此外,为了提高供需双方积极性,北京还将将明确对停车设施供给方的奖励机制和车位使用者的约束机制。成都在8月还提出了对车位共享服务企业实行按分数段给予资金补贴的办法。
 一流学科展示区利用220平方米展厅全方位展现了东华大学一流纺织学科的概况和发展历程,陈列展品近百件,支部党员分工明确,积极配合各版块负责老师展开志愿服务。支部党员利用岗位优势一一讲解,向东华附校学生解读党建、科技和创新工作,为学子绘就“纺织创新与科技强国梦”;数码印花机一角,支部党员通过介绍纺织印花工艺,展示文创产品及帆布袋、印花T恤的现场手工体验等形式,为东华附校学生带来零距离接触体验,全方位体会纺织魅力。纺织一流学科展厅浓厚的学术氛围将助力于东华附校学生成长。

--

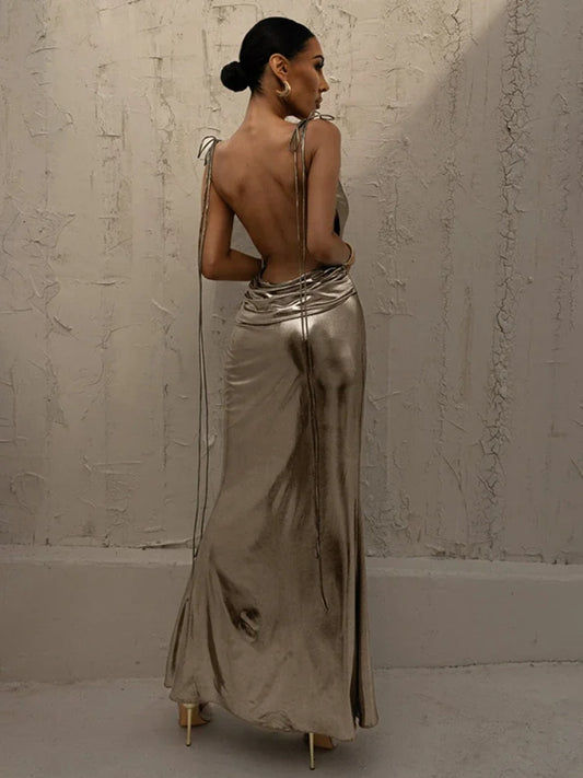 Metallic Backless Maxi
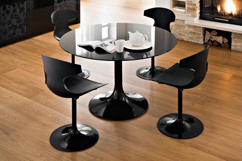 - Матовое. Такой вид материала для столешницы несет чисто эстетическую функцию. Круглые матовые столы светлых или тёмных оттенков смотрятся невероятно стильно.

==

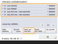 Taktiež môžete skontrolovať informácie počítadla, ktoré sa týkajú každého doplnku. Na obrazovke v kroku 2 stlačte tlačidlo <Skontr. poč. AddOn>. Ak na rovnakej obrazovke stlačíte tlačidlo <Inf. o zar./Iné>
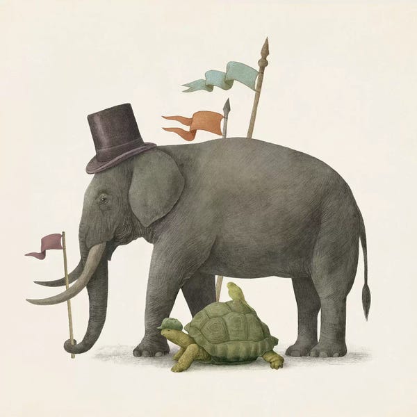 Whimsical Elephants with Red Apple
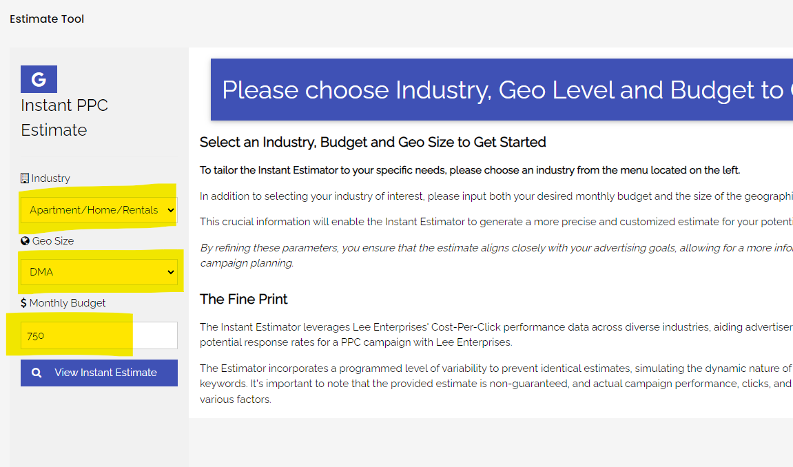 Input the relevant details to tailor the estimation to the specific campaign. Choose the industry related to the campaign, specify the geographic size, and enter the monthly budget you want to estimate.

■ TASK TO COMPLETE
Above are some records. Reproduce the lines from the one with "Taktiež môžete skontrolovať" down to the one with "Input the relevant", keeping both, and leave every picture out.

■ EXERCISE OUTPUT
 Taktiež môžete skontrolovať informácie počítadla, ktoré sa týkajú každého doplnku. Na obrazovke v kroku 2 stlačte tlačidlo <Skontr. poč. AddOn>. Ak na rovnakej obrazovke stlačíte tlačidlo <Inf. o zar./Iné>
 Whimsical Elephants with Red Apple
 Input the relevant details to tailor the estimation to the specific campaign. Choose the industry related to the campaign, specify the geographic size, and enter the monthly budget you want to estimate.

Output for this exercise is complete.